The first basic cause is an abnormal relationship of the upper jaw and teeth to the lower jaw and teeth. In order for all the teeth to mesh together the best way they can, associated muscles of the lower jaw must continually be activated. Soon the brain programs the muscles into a state of hyperfunction. Remember, the priority of the brain is to fit the teeth together at the expense of the muscles and jaw joints. Ultimately, this hypermuscle function leads to MPD.

The second cause of MPD is stress (or better stated "distress") from a continually stressful environment. All of us are exposed to stress daily. While most of us respond in positive ways to allow the body/mind to handle stress without going into distress, prolonged and constant overload ultimately results in the body’s distress. Then the mind inputs the stress into muscular contractions that tighten jaw and neck muscles. For instance, a clenched jaw is a response to stress. MPD sufferers maintain a forward head position and muscles of the head, neck and shoulders are tender and sore due to their unbalanced position.

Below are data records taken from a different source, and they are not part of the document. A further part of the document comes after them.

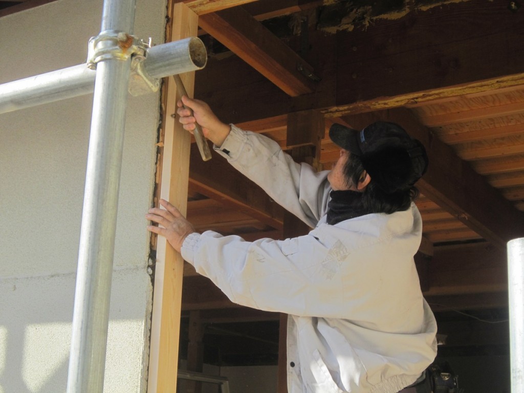 本日、大工作業は1階洋室の掃き出し窓取り付けの為開口枠をつけてます。
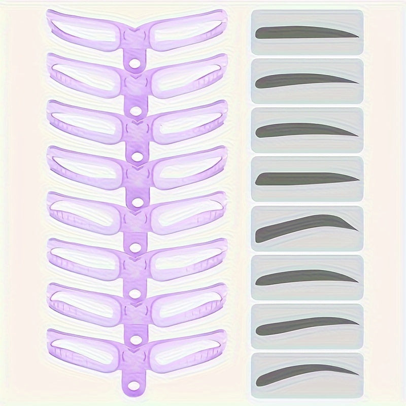 Набор из 8 многоразовых пластиковых трафаретов для бровей с рукояткой для точного ухода
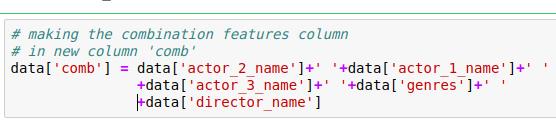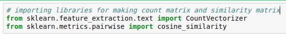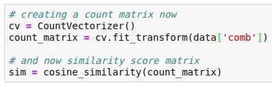 ● Now after getting all the features summed up in one column in text form. We can make a similarity matrix. For making a similarity matrix, first we have to create count matrix of features.
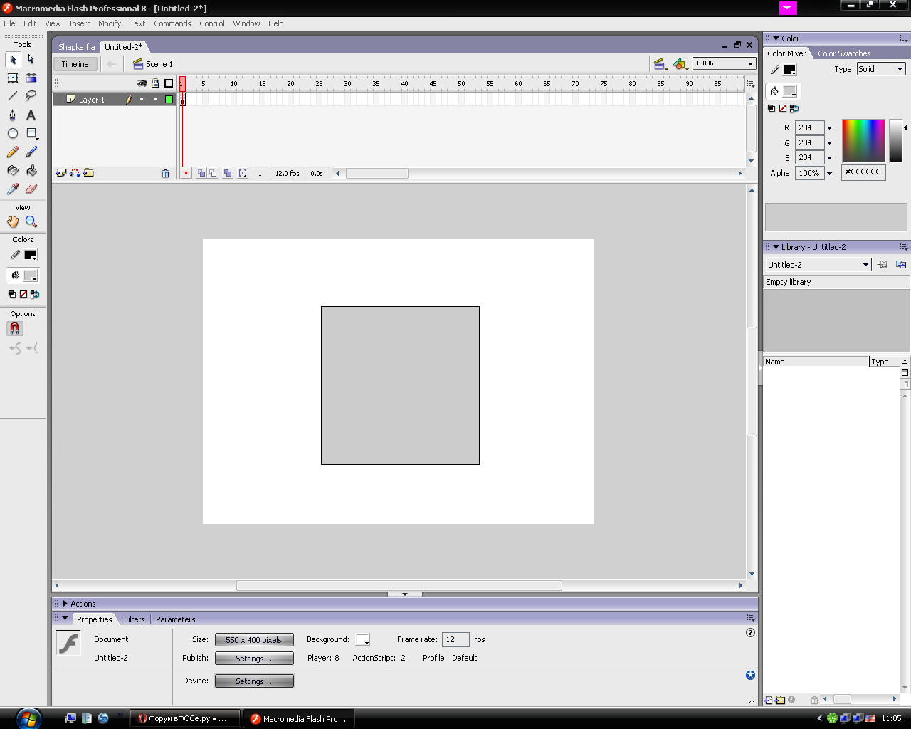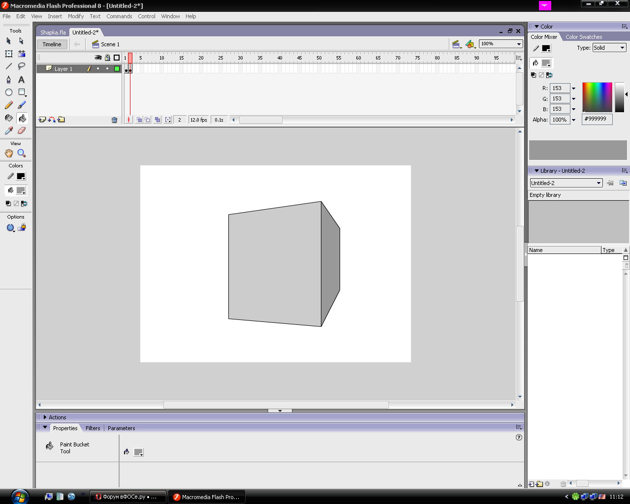 Сегодня попробуем создать "3D" вращающийся куб, вообще в Flash 8 3D - анимации нет. Появилась она в адобовской версии, и то не полная. Для начала постройте простой квадрат
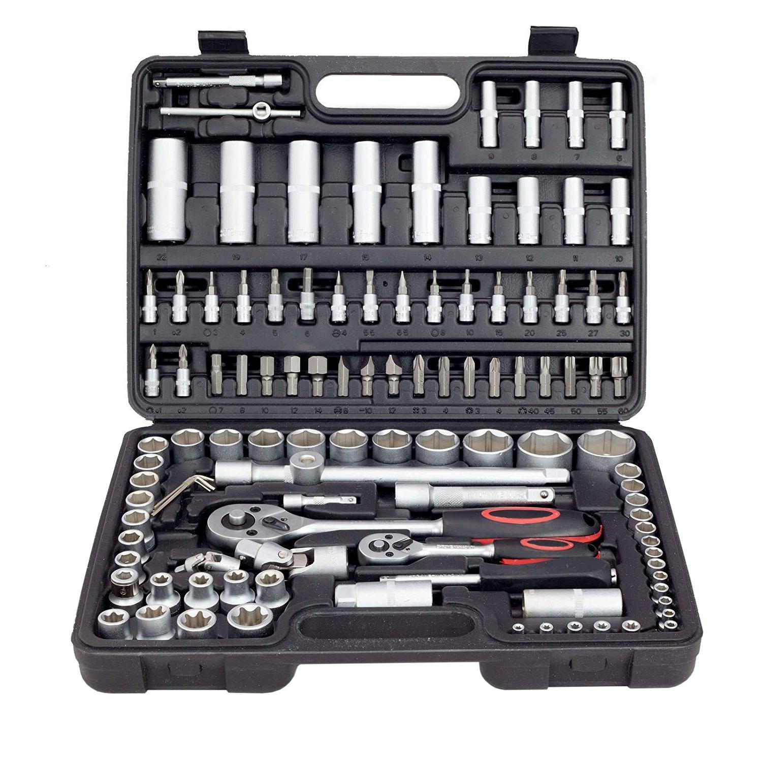 Mit diesem kompletten Steckschlüssel in der Garage müssen Sie nicht mitten in einem Projekt zum Geschäft laufen, da Ihnen die richtigen Werkzeuge fehlen. Mit 108 verschiedenen Teilen enthält es fast alles, was Sie für die meisten Heimprojekte benötigen könnten. Hervorragend für den Mechaniker und den Schreiner. Alles ist in einer praktischen Box aufbewahrt.
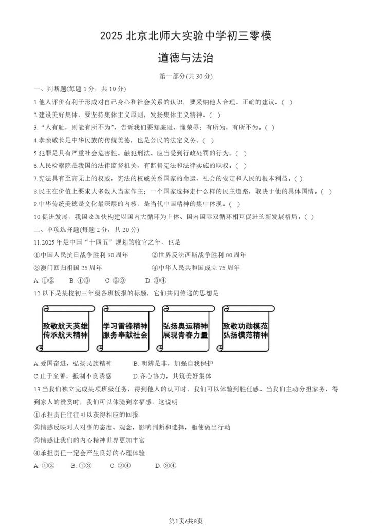 2025北京北师大实验中学初三零模道法试题及答案 //www.cfjuqp.com/zhongkao/88945.html Sat, 19 Apr 2025 07:56:15 +0000 //www.cfjuqp.com/zhongkao/?p=88945 北达教研组收集整理了2025北京北师大实验中学初三零模道法试题及答案,分享给大家,快来下载复习吧。
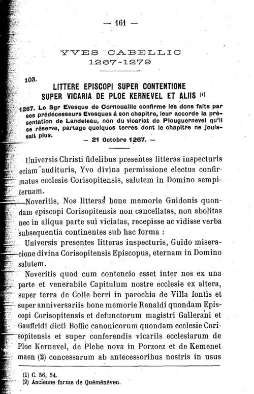 • 1267 - Confirmation des dons des précédents évêques par Yvo Cabellic - Acte P.P. : 103, p. 161-163. Cartulaire de réf. : 56, folio 54.[4]
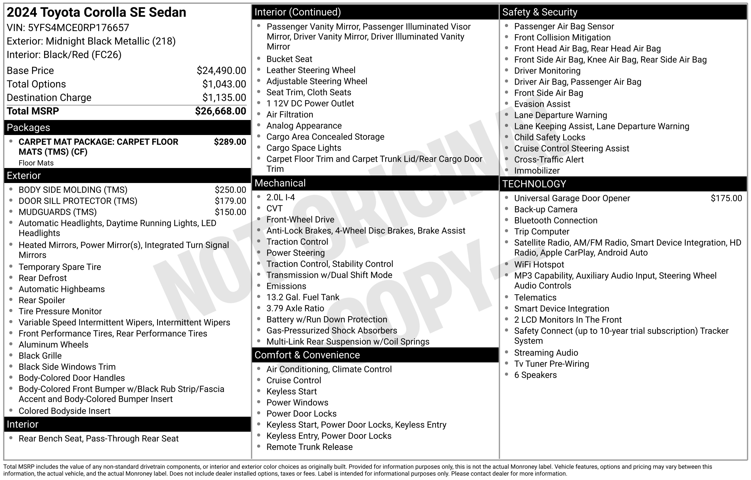 • VIN # 5YFS4MCE0RP176657
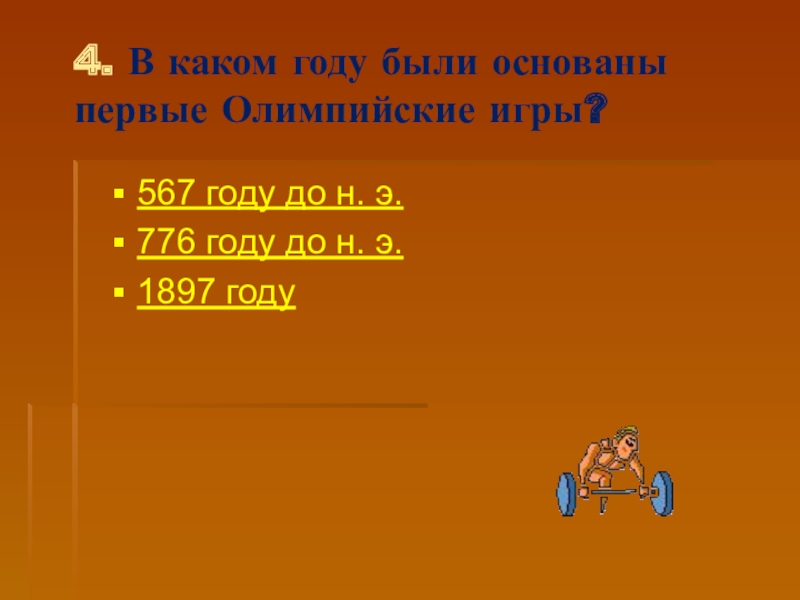 Слайд 324. В каком году были основаны первые Олимпийские игры?
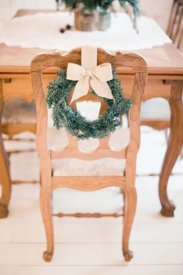 Jazz up your everyday furniture with Christmas flair without taking up any extra space. In this festive vignette, Burnett's Boards adds a a sweet touch to wooden dining room chairs with a small wreath and neutral ribbon.
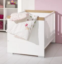 Das Hausbett Lilly lässt sich in der Liegehöhe verstellen, entweder bodentief oder 20 cm hoch und der 30 cm hohe Herausfallschutz ist links oder rechts montierbar. Bei der höheren Liegehöhe können die optionalen Bettschubladen oder das Gästebett untergeschoben werden. Für eine bessere Kopffreiheit der Eltern kann der vordere Dachbalken auch weggelassen werden, ohne dass die Stabilität des Bettes beeinträchtigt ist.
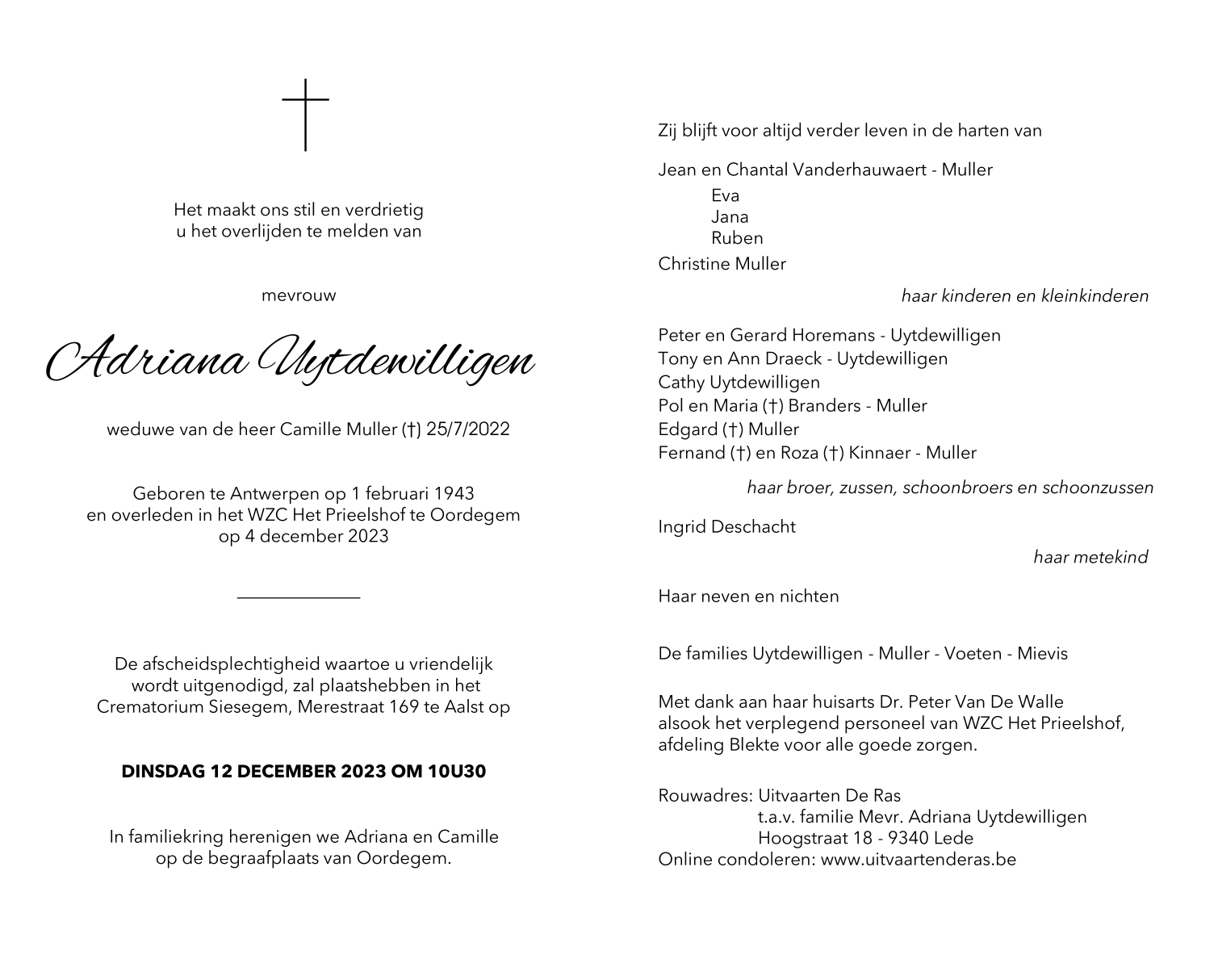 Overleden te Oordegem (9340) op maandag 4 december 2023 op 80-jarige leeftijd

Associated causes that support these 2 basic causes include:
  • Poor nutrition
  • Lack of exercise
  • Trauma to the jaw joint
  • Poor sleeping habits
  • Psychological problems
Treatment of MPD:

Treatment of MPD usually entails the use of a jaw splint that allows the muscles of chewing to relax and function in a new "correct" bite. The splint is usually worn 24 hours a day and when eating (when the teeth/jaw are used most). It is only removed for cleaning.

Biofeedback and stress management training is initiated as indicated. Physical therapy is usually suggested to relieve the symptoms of MPD and bring the head, neck and facial muscles back into a normal balanced position.